Re: [Python-Dev] str.count is slow

2006-02-27 Thread Greg Ewing
Fredrik Lundh wrote:

 moving to (basic) C++ might also be a good idea (in 3.0, perhaps).  is any-
 one still stuck with pure C89 these days ?

Some of us actually *prefer* working with plain C
when we have a choice, and don't consider ourselves
stuck with it.

My personal goal in life right now is to stay as
far away from C++ as I can get.

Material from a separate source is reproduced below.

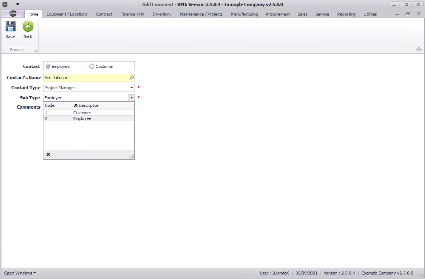 - Comments: This field allows you to add any special comments or instructions related to this contact, for instance where time zones may be important.

If CPython becomes
C++-based (C++Python?) I will find it quite
distressing, because my most favourite language will
then be built on top of my least favourite language.

Greg
___
Python-Dev mailing list
Python-Dev@python.org
http://mail.python.org/mailman/listinfo/python-dev
Unsubscribe: 
http://mail.python.org/mailman/options/python-dev/archive%40mail-archive.com


Re: [Python-Dev] str.count is slow

2006-02-27 Thread Fredrik Lundh
Greg Ewing wrote:

 Fredrik Lundh wrote:

  moving to (basic) C++ might also be a good idea (in 3.0, perhaps).  is any-
  one still stuck with pure C89 these days ?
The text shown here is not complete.